Potassium Channel Blocker

Tetraethylammonium is a commonly used potassium channel blocker

Potassium channel blockers are agents which interfere with conduction through potassium channels.

Medical uses

Arrhythmia

Effect of class III antiarrhythmic agent on cardiac action potential.

Potassium channel blockers used in the treatment of cardiac arrhythmia are classified as class III antiarrhythmic agents.

Mechanism

Class III agents predominantly block the potassium channels, thereby prolonging repolarization.^[1] More specifically, their primary effect is on I_Kr.^[2]

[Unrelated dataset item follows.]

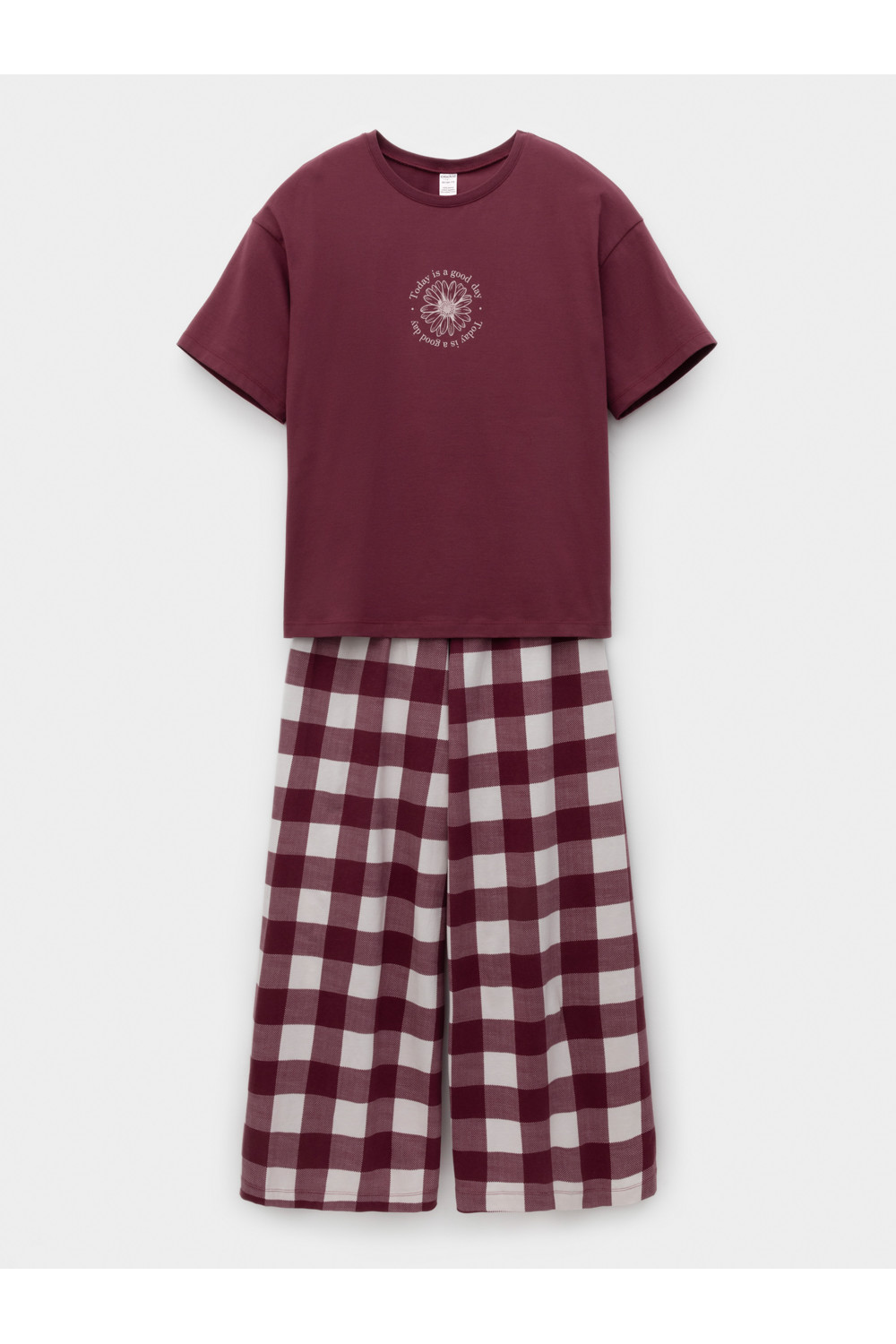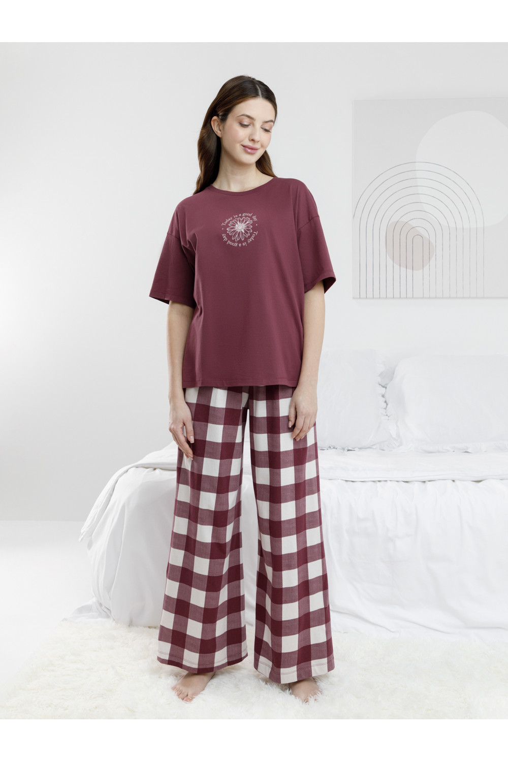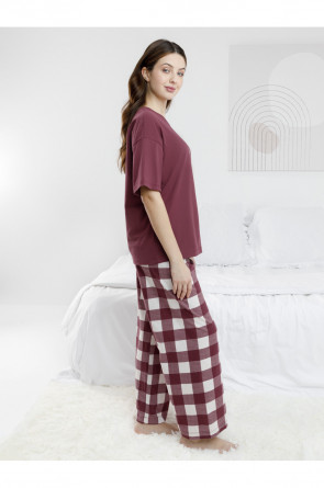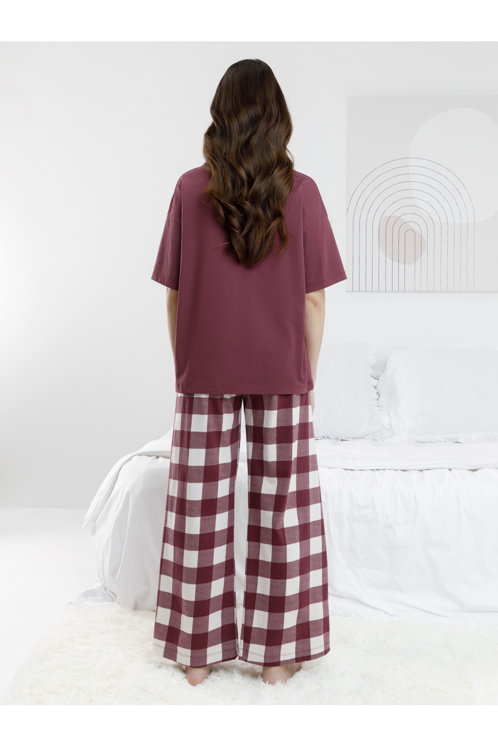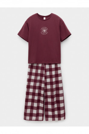 Комплект для комфортного сна и отдыха из гладкого трикотажного полотна. Футболка с короткими спущенными рукавами и прямые брюки с мягкой эластичной резинкой в поясе, которые удобно садятся по фигуре. Лёгкий материал приятен к телу, не теряет форму и позволяет коже дышать. Все трикотажные полотна производятся в соответствии с нормами швейцарского сертификата ЭкоТекс.

Since these agents do not affect the sodium channel, conduction velocity is not decreased. The prolongation of the action potential duration and refractory period, combined with the maintenance of normal conduction velocity, prevent re-entrant arrhythmias. (The re-entrant rhythm is less likely to interact with tissue that has become refractory).

Examples and uses

• Amiodarone is indicated for the treatment of refractory VT or VF, particularly in the setting of acute ischemia. Amiodarone is also safe to use in individuals with cardiomyopathy and atrial fibrillation, to maintain normal sinus rhythm. Amiodarone prolongation of the action potential is uniform over a wide range of heart rates, so this drug does not have reverse use-dependent action. Amiodarone was the first agent described in this class.^[3] Amiodarone should only be used to treat adults with life-threatening ventricular arrhythmias when other treatments are ineffective or have not been tolerated.^[4]
• Dofetilide blocks only the rapid K channels; this means that at higher heart rates, when there is increased involvement of the slow K channels, dofetilide has less of an action potential-prolonging effect.
• Sotalol is indicated for the treatment of atrial or ventricular tachyarrhythmias, and AV re-entrant arrhythmias.
• Ibutilide is the only antiarrhythmic agent currently approved by the Food and Drug Administration for acute conversion of atrial fibrillation to sinus rhythm.
• Azimilide
• Bretylium
• Clofilium
• E-4031
• Nifekalant^[5]
• Tedisamil
• Sematilide

Side effects

These agents include a risk of torsades de pointes.^[6]

Anti-diabetics

Sulfonylureas, such as gliclazide, are ATP-sensitive potassium channel blockers.

Other uses

Dalfampridine, A potassium channel blocker has also been approved for use in the treatment of multiple sclerosis.^[7]

Reverse use dependence

Potassium channel blockers exhibit reverse use-dependent prolongation of the action potential duration. Reverse use dependence is the effect where the efficacy of the drug is reduced after repeated use of the tissue.^[8] This contrasts with (ordinary) use dependence, where the efficacy of the drug is increased after repeated use of the tissue.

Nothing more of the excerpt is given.